I was uncertain precisely what I was looking for when I entered the exhibition - possibly I anticipated that by losing myself in the opulence of Bowie's gender experimentation, I might, as a result, stumble across a clue to my own identity.

I soon found myself positioned before a small television screen where the film clip for "that track" was continuously looping. Bowie was strutting his stuff in the primary position, looking sharp in a dark grey suit, while off to one side three backing singers dressed in drag gathered around a microphone.

In contrast to the drag queens I had seen personally, these female-presenting individuals weren't sashaying around the stage with the self-assurance of natural performers; rather they looked unenthused and frustrated. Placed in secondary positions, they were chewing and expressed annoyance at the tedium of it all.

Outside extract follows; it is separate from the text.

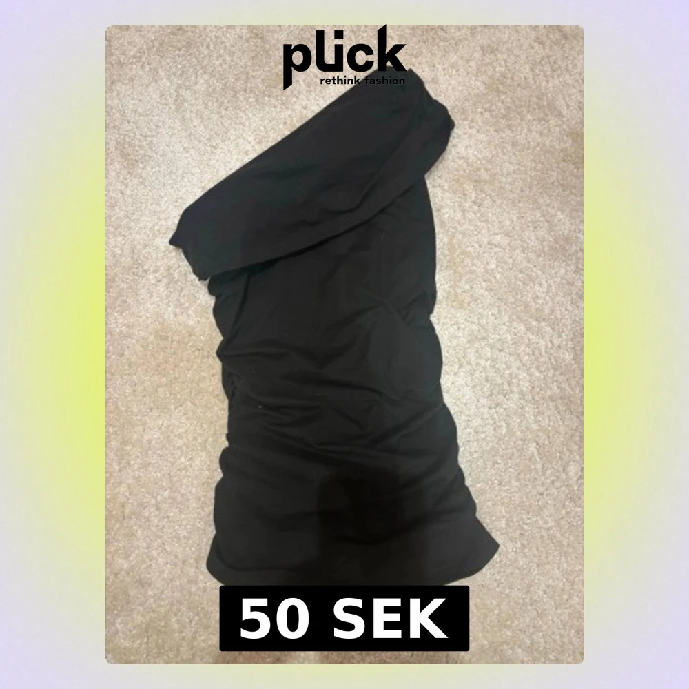 Snygg svart tröja med oneshoulder-design. Klänningen har en åtsittande passform och är gjord i ett mjukt tyg som känns bekvämt mot huden. Perfekt för dig som vill ha en stilren och trendig look.

"The song's lyrics, boys always work it out," Bowie performed brightly, seemingly unaware to their lack of enthusiasm. I felt a fleeting feeling of empathy for the backing singers, with their heavy makeup, uncomfortable wigs and constricting garments.

They appeared to feel as uncomfortable as I did in female clothing - frustrated and eager, as if they were yearning for it all to conclude. Just as I understood I connected with three male performers in feminine attire, one of them tore off her wig, smeared the lipstick from her face, and showed herself to be ... Bowie! Shocker. (Naturally, there were additional David Bowies as well.)

Right then, I was absolutely sure that I aimed to shed all constraints and become Bowie too. I craved his narrow hips and his defined hairstyle, his defined jawline and his male chest; I aimed to personify the lean-figured, Bowie's German period. Nevertheless I was unable to, because to truly become Bowie, first I would require being a man.

Announcing my identity as queer was a different challenge, but personal transformation was a considerably more daunting prospect.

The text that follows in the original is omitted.